This function finds three or more consecutive residues and adds them into a single separate list together

Parameters:

resMap, dictionary of residues by chain

Returns:

[list] of lists of consecutive numbers in the input residue numbers or empty list if no consecutive residue numbers found

consensus_sequences_similarAA()

This function creates possible combinations of N-glycosylation consensus sequences that may be found in an amino acid sequence.

Returns:

[list] of possible consensus sequences for N-linked glycosylation

identify_native_site(target, query, res_Dict)

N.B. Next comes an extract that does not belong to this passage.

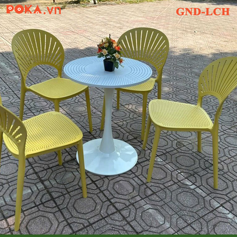 Ghế Nhựa Đúc lưng cánh hoa GND-LCH Nhập Khẩu đây là dòng ghế nhựa đúc nguyên khối. Có thiết kế đẹp sang trọng đặc biệt có nhiều màu như: Đen, đỏ, xanh, vàng, cam, nâu… Ghế ứng dụng là ghế ăn, ghế cafe, ghế trà sữa… Có độ bền cao là loại ghế đẹp, mới xuất hiện trên thị trường một vài năm trở lại đây. Kiểu dáng thanh mảnh, nhẹ nhàng, dễ di chuyển, xếp chồng lên nhau. Đặc biệt có thể sử dụng được cả trong nhà lẫn ngoài trời

This function identify native glycosylation sites in EpitopeCA.txt by identifying whether the consensus sequence lies in its sequence.

Parameters:

target, list of consecutive residue numbers from EpitopeCA.txt

query, list of possible consensus sequence combinations

res_Dict, dictionary of {residue number: residue name} from CA file.

Returns:

nested [list] of residue numbers of native glycosylation sites.

id_double_mutation_similarAA(target, query, query_nat, res_Dict)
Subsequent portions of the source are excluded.